I have an `RDataFrame`

, which consists of three columns (`A`

, `B`

, and `run`

). Here’s what it might look like in tabular form:

```
+-----+-----+-----+
| run | A | B |
+-----+-----+-----+
| 001 | 35 | 5 |
| 001 | 40 | 10 |
| 001 | 77 | 60 |
| | | |
| ... | ... | ... |
| | | |
| 002 | 42 | 40 |
| 002 | 30 | 28 |
| 002 | 50 | 1 |
| ... | ... | ... |
+-----+-----+-----+
```

*(where the … dots indicate continuation)*

For each run, I want to determine the most common difference of `A`

and `B`

(i.e., the mode of the set of entry-wise differences of `A`

and `B`

for each run).
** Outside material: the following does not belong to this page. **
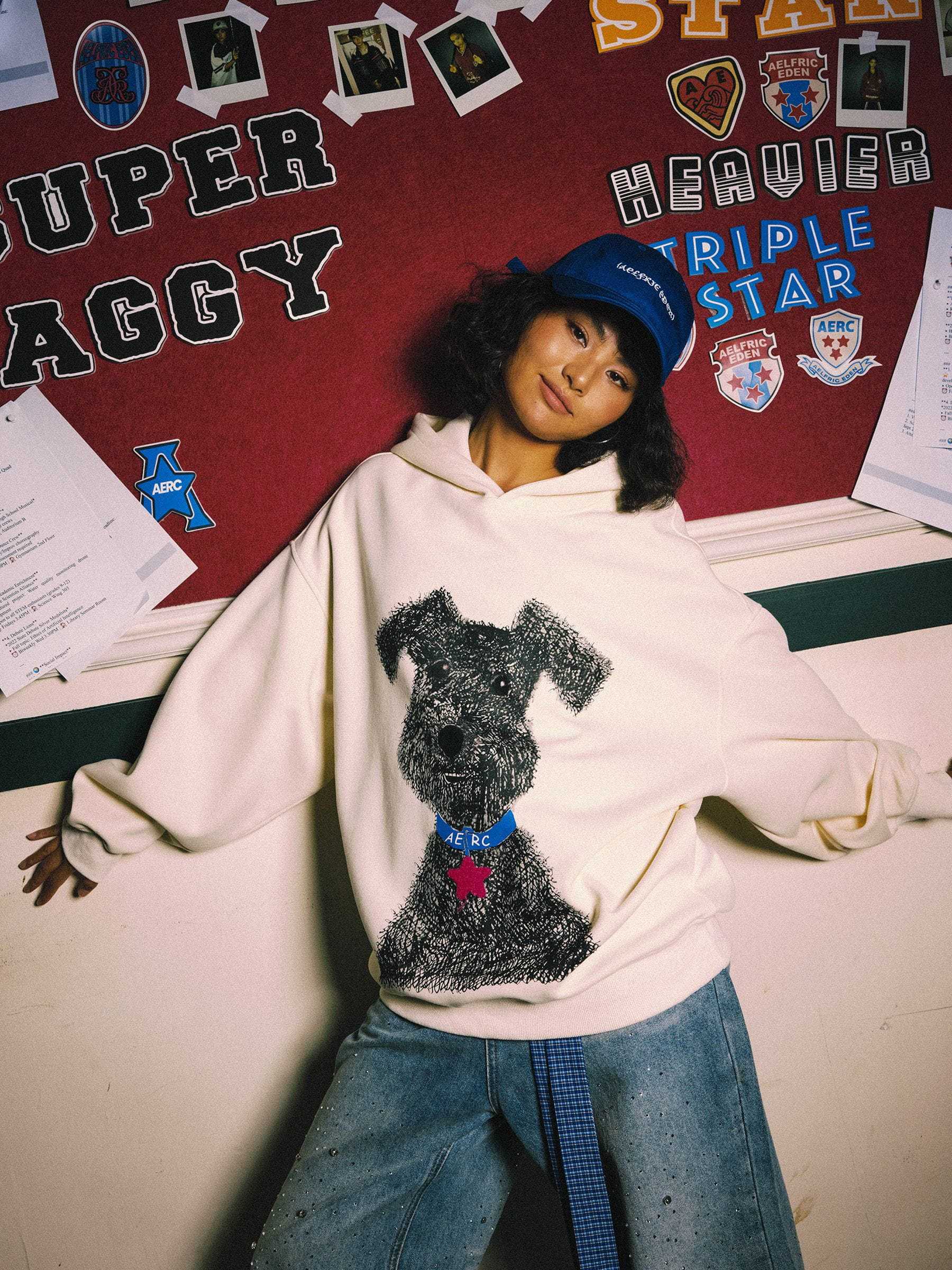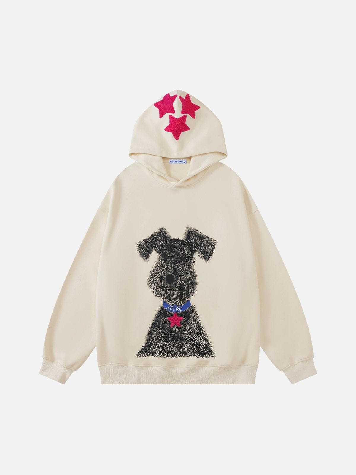 Stay cozy and playful with this adorable hoodie featuring a charming dog print on the front. The hood is adorned with Eden Star’s signature star patch embroidery, adding a touch of uniqueness to the design. Perfect for casual days with a fun, stylish twist!

So, for example, for run `002`

we have `42-40 = 2`

, `30-28=2`

, and `50 - 1=49`

, the most common element/mode of `2,2, and 49`

is `2`

, so the result for run `002`

is `2`

.

*A couple important notes: A-B is guaranteed to be a positive, integer value for all entries, and there is guaranteed to be a single unique mode for each run*

Currently, what I’m doing is this:

```
// Some code above
map<int, map<int, int>> offset;
df.Foreach([](int A, int B, int run){
++map[run][A-B];
},{"A","B","run"});
// Some code that, for each map in the map, determines the key of the
// max value (i.e. the mode), and stores this in a vector
```

So, we have a map of maps. The “outer” map maps run numbers to “interior” maps. “Interior” maps map offset (`A-B`

) to frequency. I then, for each “interior” map, get the key of the largest value (i.e. the mode), and store this in a new map, which maps run numbers to mode of `A-B`

for that run.

This works, however it’s quite slow (and, for my purposes, impractically so). My `RDataFrame`

contains on the order of tens of millions or more entries.

I imagine there must be a better way. I’ve spent some time with the `RDataFrame`

docs and, unfortunately, I can’t seem to piece together anything measurably more efficient.

Is there a better way? Please, let me know if the issue at hand isn’t clear. Thanks in advance!